She bought a pair of Levi’s nearly a decade ago because they were the fashion equivalent of a blank slate. Today, writes Sally, they are anything but.

Jeans may tell stories about us, but, sadly, not always anecdotes. I so wish I could distill my relationship to a single unassuming pair of Levi’s into two neat tales: essentially, how we met and when we fell in love. But my memory is worn and imperfect.

As are my Levi’s. Here is what I can recall. I bought this pair at a shop on lower Broadway a dozen years ago or more. I can’t recall the season but, for all you denim aficionados of a certain age, it was the period when the reign of low-cut/boot-cut was under threat from no-whisker skinny. It was a confusing time for thighs and asses. I must have been looking for a jean that wasn’t trying to be flattering, wasn’t promising to make my legs look longer or my calves more gamine. I didn’t want fashion; I wanted jeans. These Offenders – their Levi’s-given name, not mine – offered a button fly that nodded to boyfriend wear; a rise that was low but not thong-exposing; a leg so ordinary it’s hard to describe as anything except…ordinary. They weren’t distressed but they weren’t stiff. They were topstitched and blue, as jeans should be. When I tried them on they drooped enough in the behind to reference “anti-fit” (how denim folks describe jeans that actually butt up against a woman’s natural curves) without looking self-consciously ugly. They felt a bit like my old 501s, but without the weird natural waistline that makes everything look MOM.

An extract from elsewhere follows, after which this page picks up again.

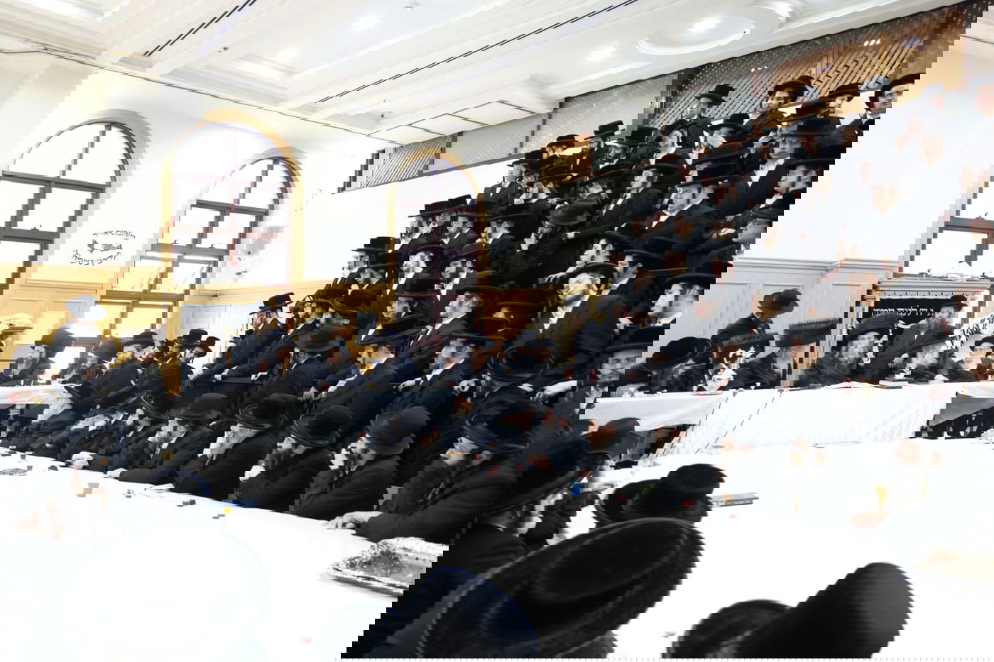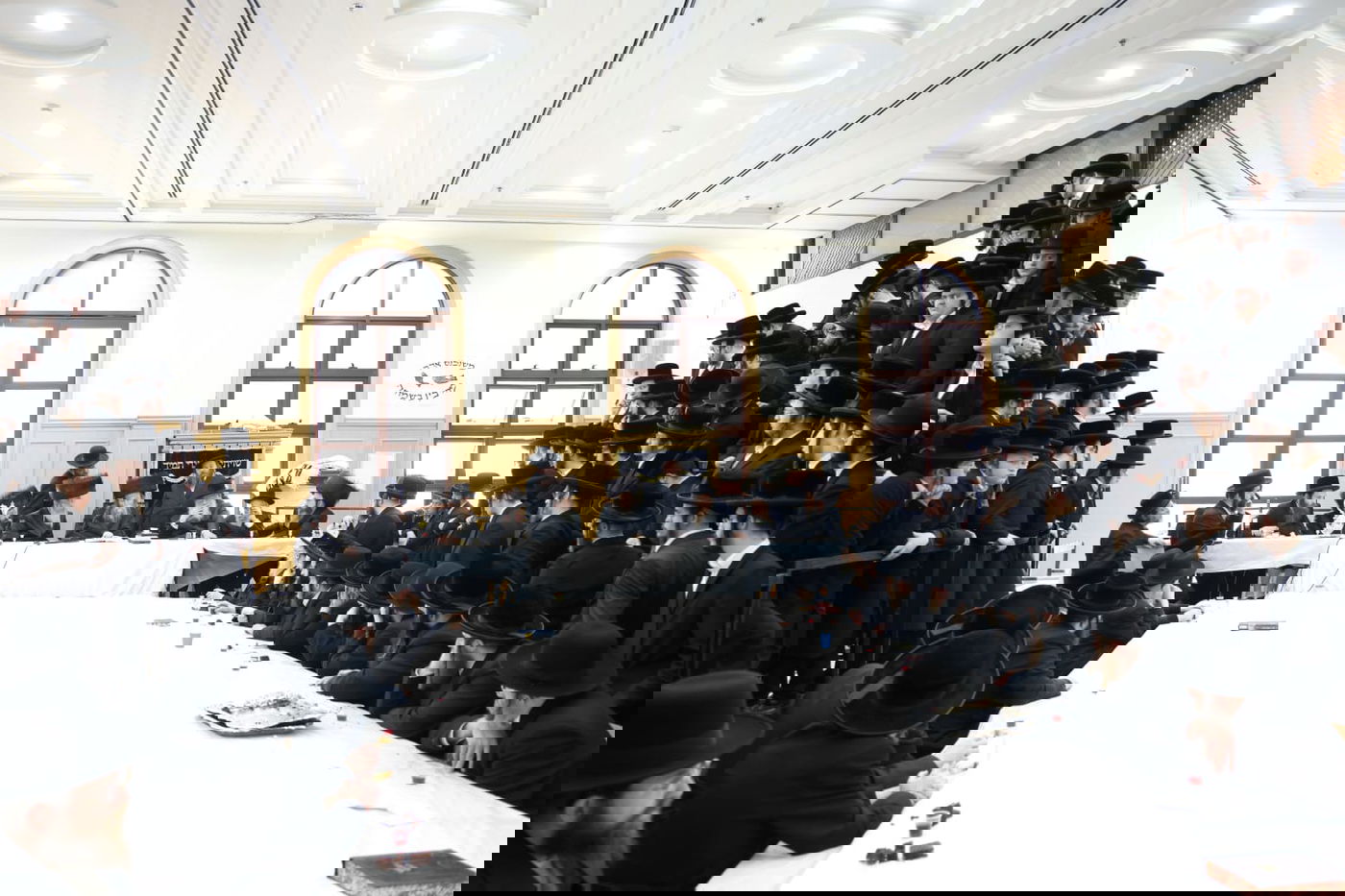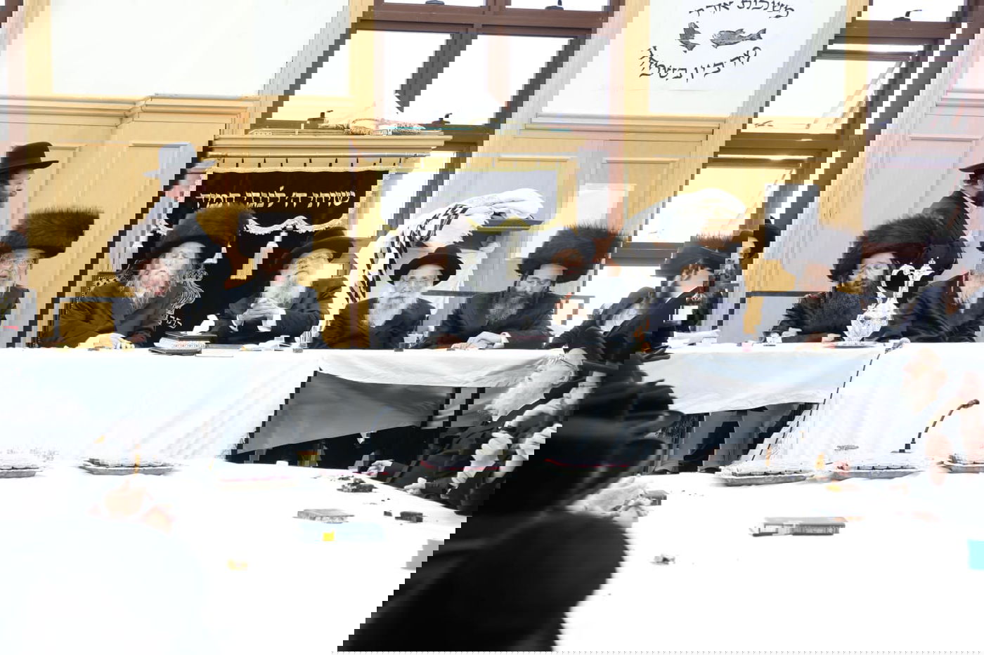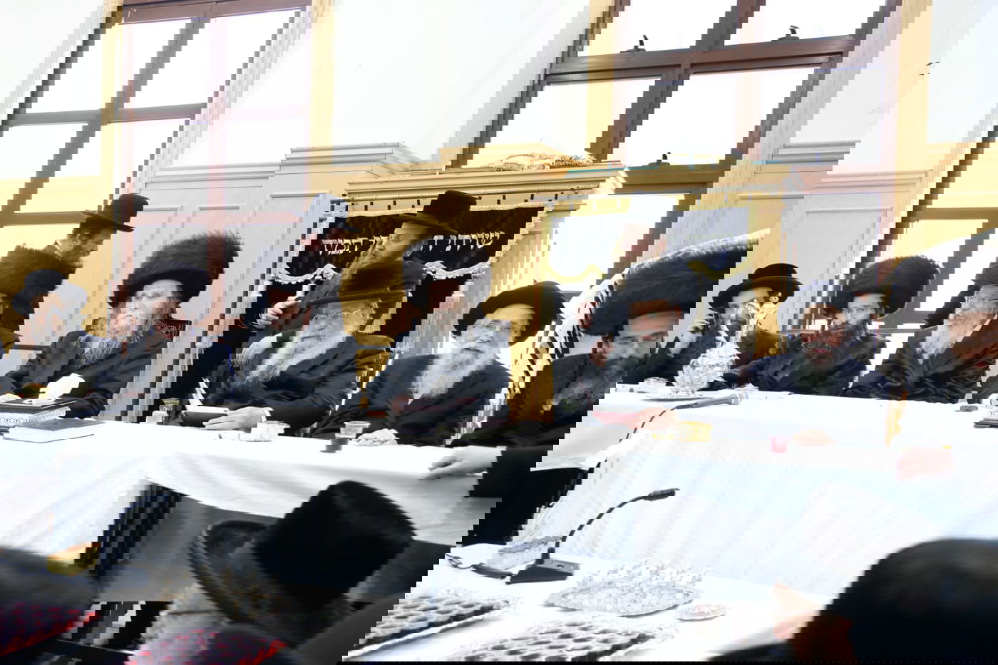 אחר הברית ערך האדמו"ר טיש לחיים ונשא דברות קודש לפני החסידים.

If this all sounds a bit wonky and overthought, please put that on me and not on the Offenders. They are blameless. They are simply jeans, and in all the confusion and fervor of that big denim moment—was it 2001?—they spoke to me like few things have or ever will. I wanted then to own things that referred to my life before I knew of the whimsical flirtations of fashion.

Sally Singer

I still have that urge. I am always trying to touch the ground, sartorially at least, in a whirligig life. I like a gold ball post for an earring. I like a gingham camp shirt.  A plain windbreaker.  And I feel these items buffer me, not just from the extreme aesthetic promiscuity that my career in fashion demands, but from the emotional zigs and zags that life throws up more generally. Is it a banal coincidence that I wore these Levi’s (with a peacoat and sweatshirt) to pace the city when I thought I had lost everything and just putting one foot in front of the other was all I could muster for optimism? That they went hiking with me (and a white guayabera) in Texas when I was as much in love as I may ever be? That they turn up in my suitcase every time I go to Europe for collections, if only to emerge on a Sunday (or that day during Paris that feels like Sunday) when you want to make any other statement except that you are working and it is Sunday? They crouched with me at the playground for the better part of a decade.

Clearly I can’t live without them, yet it’s hardly a model marriage. They tear constantly and I repair them…constantly. The butt has been invisibly mended with all manner of fusible interfacing four times, and every time I have paid the Chinese tailor $15 to sew up my ass, the knee splits; or I patch the knee and there goes the pocket. These Levis so don’t want to be perfect! I sometimes think they have a mind of their own.

And then I sometimes think that, with all their willful rips and worn through bits, my Offenders are trying to keep me wise about the bigger picture of a life. I loved them originally, after all, because they were the denim equivalent of a blank slate. How can anything stay that neutral, that bland and passive? We always want things to be perfect. And yet isn’t it wonderful when our things—our jeans, for god’s sake – keep us ever alert to the inevitability and glory of imperfection?